Let $U={u_1,u_2,\ldots ,u_n}$ be the set of all n users in a recommender system and $I={i_1,i_2,\ldots ,i_m}$ be the set of items where m is the total number of items. Let R be a rating matrix where $r_{i,j}$ is a rating provided by user $u_i$ on item $i_j$. Usually, the rating matrix is sparse because of missing values as it is not possible to rate all items nominated by all users in a system. The missing rating is denoted by $r_{i,j}=0$. Hence, the primary goal of a recommender system is to predict the rating for a user $u_i$ on item $i_j$ which the user has not previously rated.

2.1 Similarity Calculation

To generate recommendations, one of the key steps is to calculate similarities/correlations among the item pairs. Cosine similarity is one of the commonly adopted similarity measures to determine the nearest neighbour in recommendation generation.

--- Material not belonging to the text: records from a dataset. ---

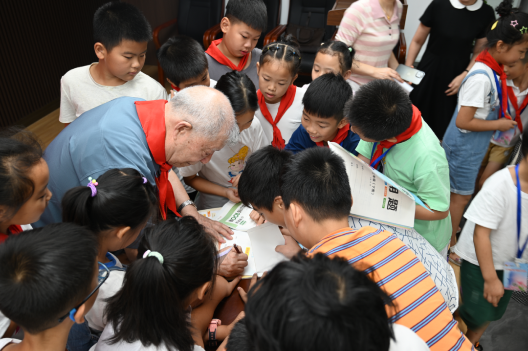 “如今,学习已经成为我生活中的一种追求、一种乐趣,成为我紧跟时代的有力支撑,是我人生的必修课。”年近九旬的周义仁对待学习严谨认真的态度,深深打动了孩子们。课程结束,大家簇拥着周义仁纷纷请他在自己的作业本上签名留恋。小学五年级学生刘艾俪更是激动得表示:“听了周爷爷的话,我要认真学习,以后再也不沉迷游戏了。长大以后,我也要当一名光荣的解放军战士!”
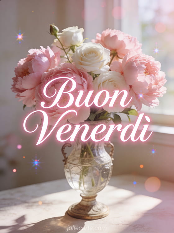 Immagine gratis buon venerdì una romantica e raffinata immagine gratis di buon venerdì con peonie rosa e rose bianche
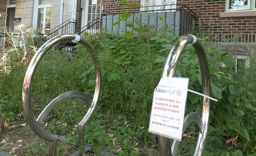 À notre arrivée, une affichette indique que ce support à vélo « sera enlevé prochainement ». Renseignements pris auprès de l’arrondissement, l’objet du délit est installé sur la partie appartenant à la Ville, devant l’édifice et non pas sur la partie privative du terrain.
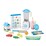 Whip up delicious playtime smoothies with this pretend play blender! Use the wooden knife to slice and wooden fruits and vegetables, choose other healthful ingredients, like kale or protein powder, and pop them in the blender. Add a dash of pretend milk, spin the dial to blend, pour into a cup with lid and straw, and serve! There's a double-sided reusable menu card for taking orders, and cup inserts to add realistic color to smoothies. Any time is a good time for a smoothie!
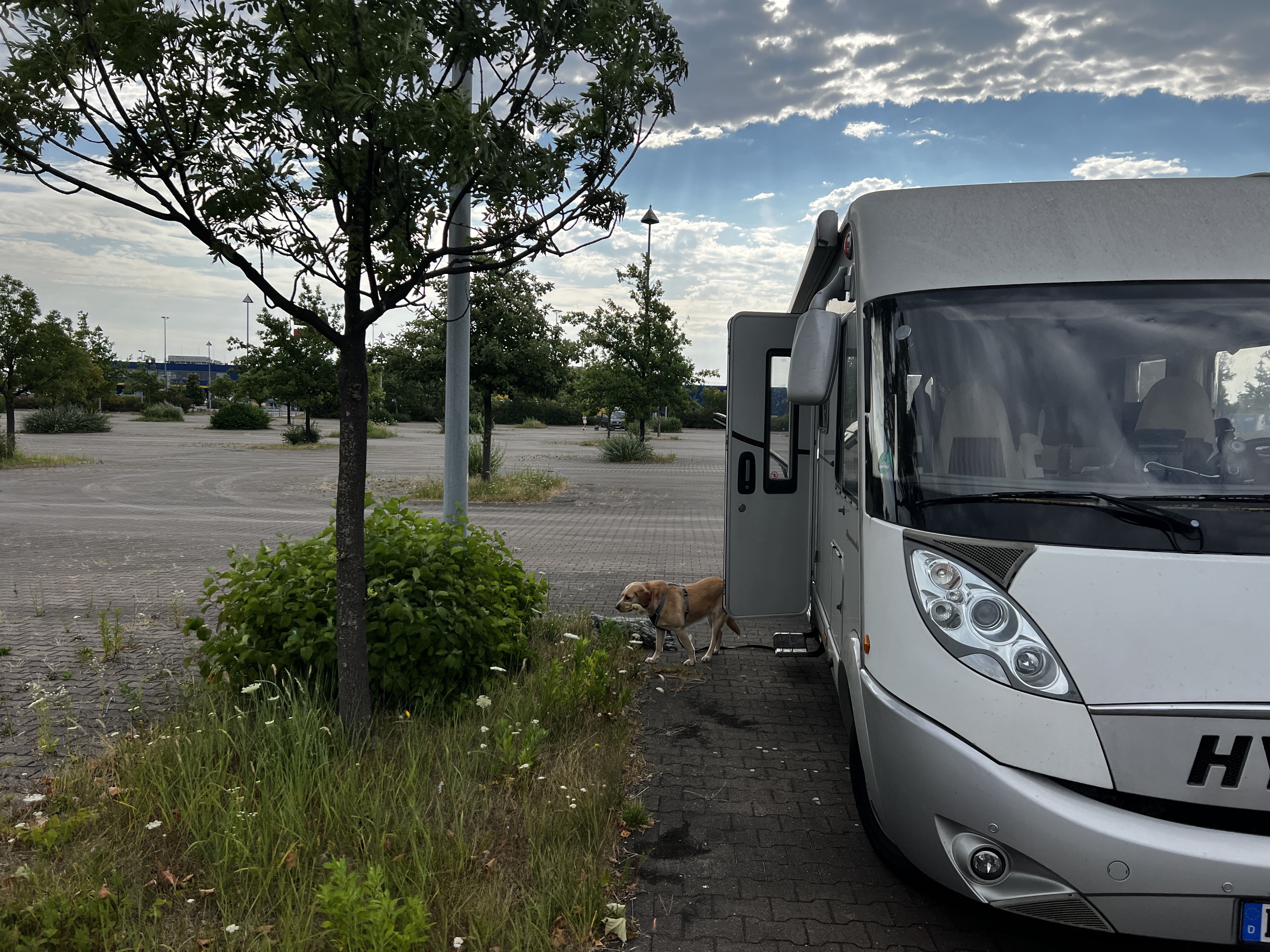 Der Wecker klingelt um 03:00 Uhr morgens. Wir wollen los. Betty ist gepackt und ich konnte sogar 5 Stunden Schlafen. Ich trage meine Tochter aus dem Bett in das Wohnmobil und schnalle sie an. Der Sohn ist mir zu schwer, der muss laufen. Um 03:25 Uhr starte ich den Motor und wir fahren los. Komisch, niemand sagt das er was vergessen hat…. Die ersten Kilometer sind vertraut, nach 45 Minuten das Bremer Kreuz, nach nochmal 35 Minuten sind wir in Walsrode. Die Autobahn ist noch angenehm leer. Kein Wunder auf einem Donnerstagmorgen. Bei Hannover geht es von der A7 auf die A2 Richtung Berlin. Magdeburg rechts abbiegen auf die A14. Dann auf die A9 und erstmal entsorgen. Wir fahren noch die Rest der letzten Tour mit uns rum und Wasser ist wenig im Tank. Bei der Firma Fa. Klaus Siemon – Wohnwagen und Reisemobile in Schkeuditz kann mal die Toilette kostenlos entsorgen und Wasser auffüllen. Das kostet aber 2,00 Euro. Grauwasserentsorgung geht dort nicht. Aber toller Service. Gefunden habe ich den Platz mit der App Park4night. Nach dann doch schon ein wenig Fahrt machen wir Rast auf dem Parkplatz beim IKEA Einrichtungshaus Halle/Leipzig.
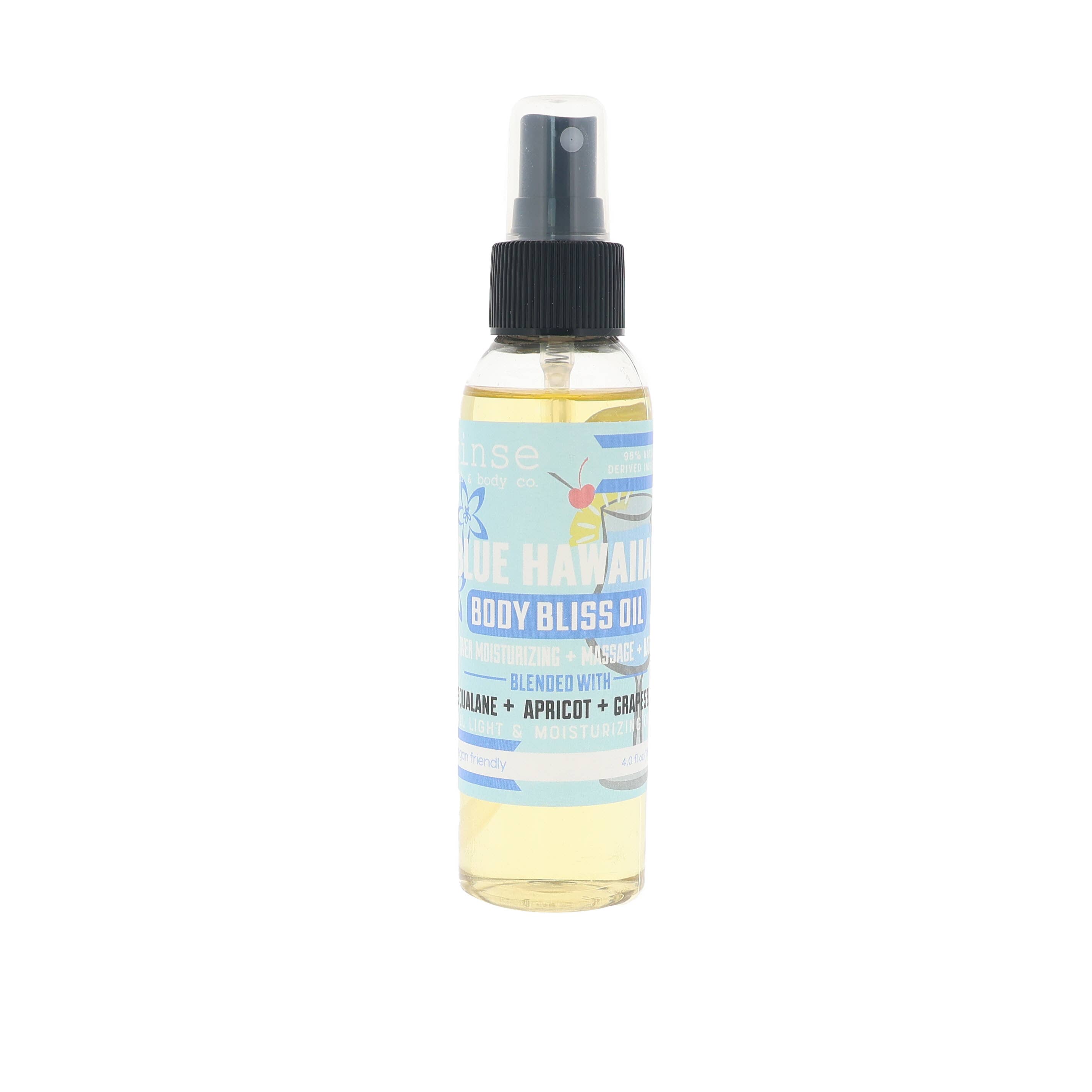 An all-over body moisturizing oil, a bath oil or a massage oil that soaks right into the skin leaving a natural moisturized glow behind that lasts & lasts. Because it is a blend of light oils, Body Bliss will not lay on the skin making it oily or greasy. Coconut Mango: Beachy, but not cheesy beachy. There's just enough coconut to tone down the zing of the mango but not enough to overpower the blend. Tip #1: A little bit goes a long way. Tip #2: Keep the bottle in the shower, when finished turn the water off, spray on, rub in then pat yourself dry. Made with 98% naturally derived ingredients gluten-free vegan-friendly 4 fl. oz. GREAT for putting on after shaving for shiny, smooth legs!

Recalling the notations mentioned previously, the similarity between two items is defined as

$$\begin{aligned} s(i_j,i_k)=\frac{\sum _{i=1}^{n}r_{i,j}r_{i,k}}{\sqrt{r_{1,j}^{2} +\cdots +r_{n,j}^{2}}\sqrt{r_{1,k}^{2}+\cdots +r_{n,k}^{2}}} \end{aligned}$$

(1)

where $i_j$ and $i_k$ represent two individual items. $r_{i,j}$ and $r_{i,k}$ represent the ratings provided by the user $u_i$ on those two items and n represents the total number of users.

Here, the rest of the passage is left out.